§ **Given records**:
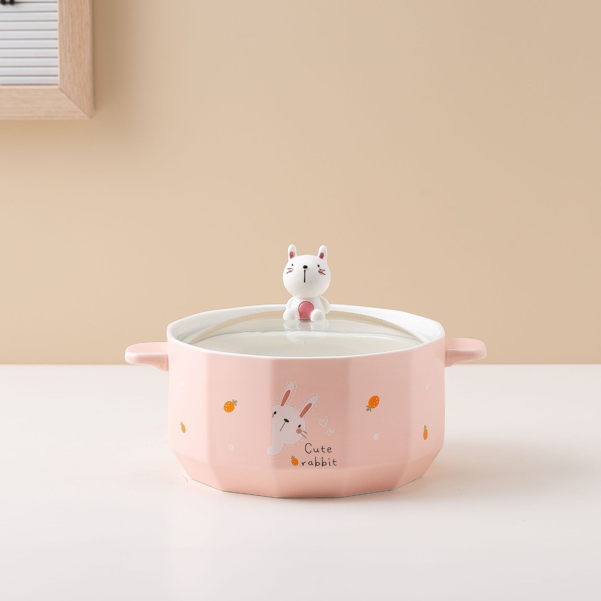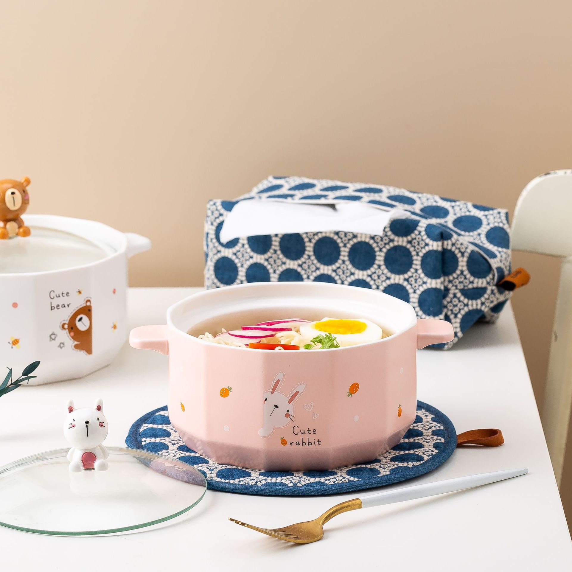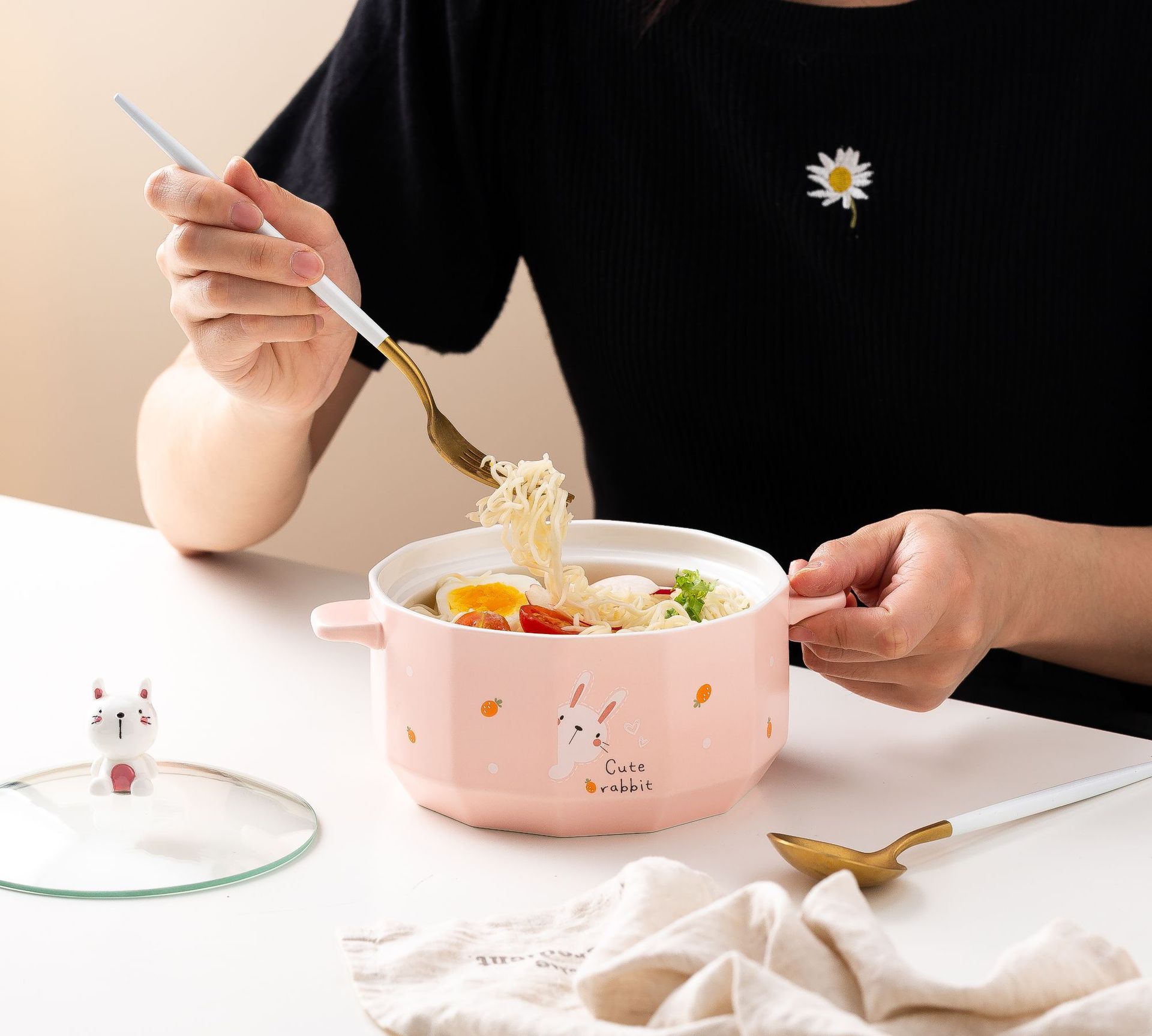 兔年双耳陶瓷面碗家用大容量泡面碗电镀金银边汤碗钢化透明玻璃盖
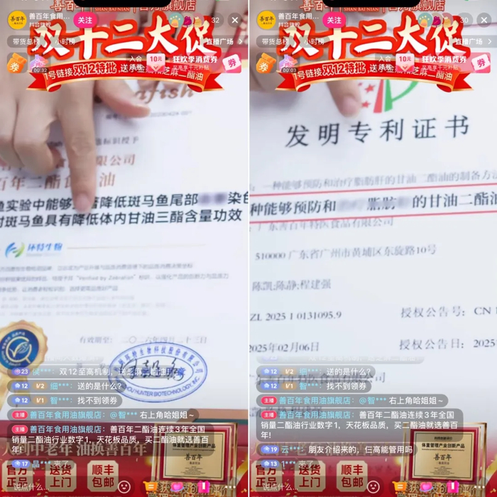 不仅是实体门店,善百年官方账号在直播过程中同样存在宣传产品功效的行为,不断向观众表示该食用油可“降低体内甘油三酯含量”,还提及能够预防“脂某肪(注:直播间规避敏感词的话术)”的专利技术。
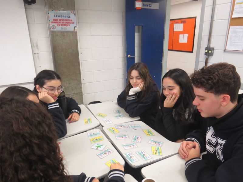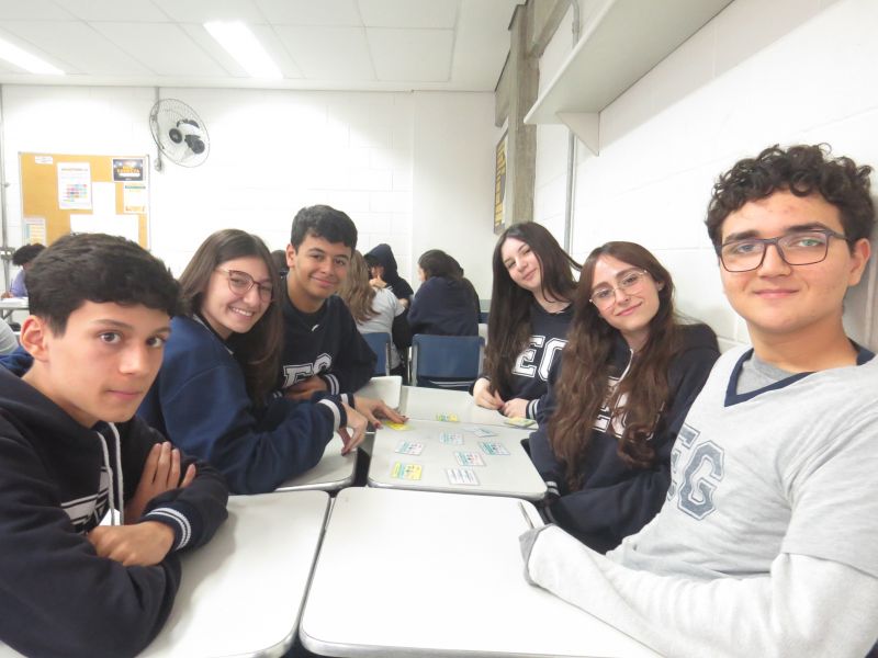 Com o objetivo de consolidar o aprendizado do semestre, os alunos da 1ª série do EM participaram de um dinâmico jogo da memória, orientados pela Professora Paula, de Literatura.
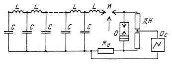С, L - емкости и индуктивности генератора импульсов тока большой длительности соответственно; И - управляемый искровой промежуток; Rо - шунт для измерения тока; О - испытуемый образец или разрядное сопротивление; ДН - делитель напряжения; Ос - осциллограф
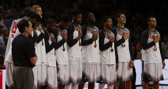 129 - Estados Unidos (35+32+38+24): Irving (26), Curry (10), Harden (23), Faried (12) y Davis (7) -cinco inicial-; Rose, Thompson (12), Cousins (11), DeRozan (10), Gay (11), Drummond (6) y Plumlee (1).
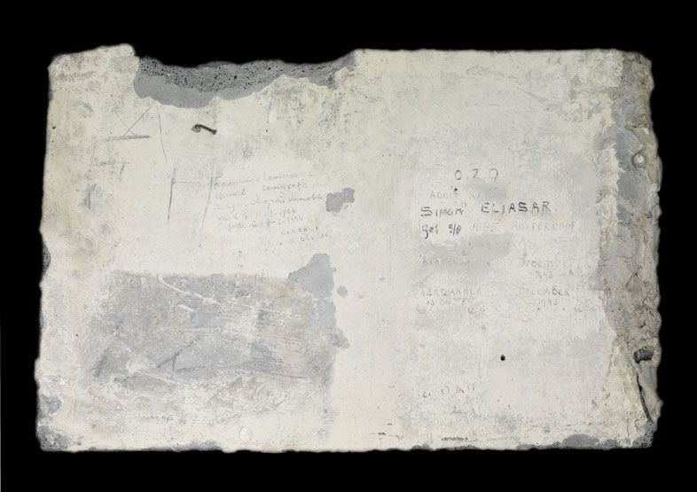 « [Étoile de David] _ Françoise Lewinsohn _ Marcel Lewinsohn _ à Lyon et après Grenoble _ arrivés le : 16-2-1944 _ déportés le : 7-3-1944 _ COURAGE _ ESPOIR »., « O.Z.O (souligné) _ ADOLF KLEIN _ EN _ SIMON ELIASAR _ geb 9.8.1885 ROTTERDAM _ HOLLAND _ ANNGECOMEN 10 December 1943 _ VERKANNEN DECEMBER _ 1943 _ 17 Dec. 1943 », « ICI ETAIT ».
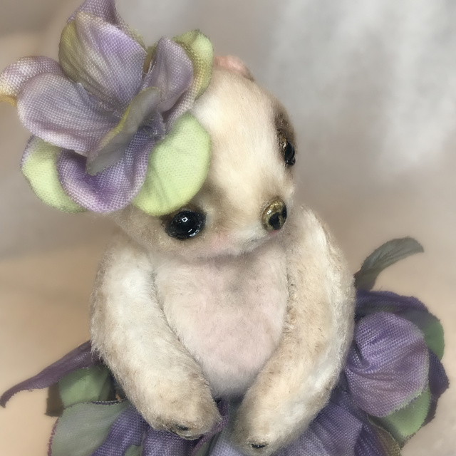 'Precious Wee Violette' is a 3.5" (4" on her toes) Teary Eyed Mini Bear by La De Da' Artisan Bears © FROM THE TOP 'Precious Wee Violette' views the world through shiny, black, hand crafted German glass eyes, surrounded by my sculpted signature upper and lower eyelids filled with wet looking tears. Her nose has also been sculpted freehand. BODY She is wired in the torso and limbs and can pose in many ways, including pointed toes. She is created in a faux fur from France which has been dyed, painted and shaded in textile friendly pigments. She was sewn entirely by hand by the artist, Brenda Pollock, in hundreds of tiny stitches and is firmly stuffed with 100% virgin polyester. DETAILS 'Precious Wee Violette' wears a skirt made of faux flower petals with a matching fascinator on her wee head very much in the La De Da'© style. She has a tiny loop "tail" which attaches to her antiqued and custom designed display stand, also crafted by Brenda to enable her to pose in unlimited options. CARE INSTRUCTIONS Please keep your new bear from water, steamy bathrooms, moisture, etc. Treat it as you would any fine art, free from sunlight, moisture, etc. All of my designs are one of kind, no two bears are alike. From my heart to your hand....I hope the La De Da' Artisan Bears ©, the original teary eyed bears...make you smile.
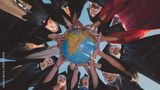Graduates in cap and gown holding globe, representing international education and future professional prospects
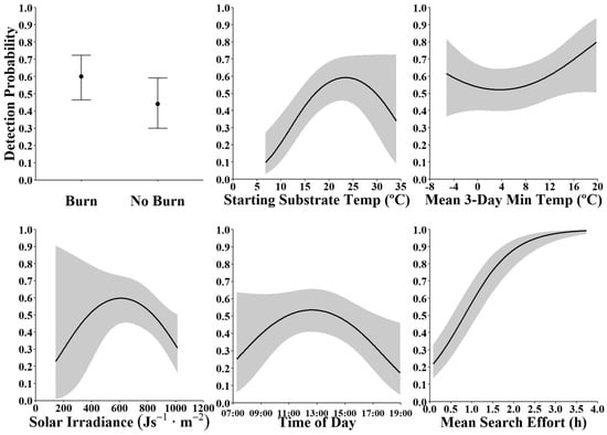 The six variables comprising the post hoc model illustrates that we surveyed under a range of conditions (Table 4, Figure 2). Of our total surveys, 383 occurred in burned/semi-burned habitats and 330 occurred in burned habitats. Surveys were completed under conditions centered with a daRad ≈ 800 J/s·m2, rTime ≈ midday, sSUB ≈ 18 °C, m3Min ≈ 6 °C, and mEffort ≈ 50 min (Table 4; Figure 2).

§ **Exercise brief**: Leave out the pictures and repeat the lines from the start of the material through the line with "不仅是实体门店,善百年官方账", inclusive.

§ **Written solution**:
 兔年双耳陶瓷面碗家用大容量泡面碗电镀金银边汤碗钢化透明玻璃盖
 不仅是实体门店,善百年官方账号在直播过程中同样存在宣传产品功效的行为,不断向观众表示该食用油可“降低体内甘油三酯含量”,还提及能够预防“脂某肪(注:直播间规避敏感词的话术)”的专利技术。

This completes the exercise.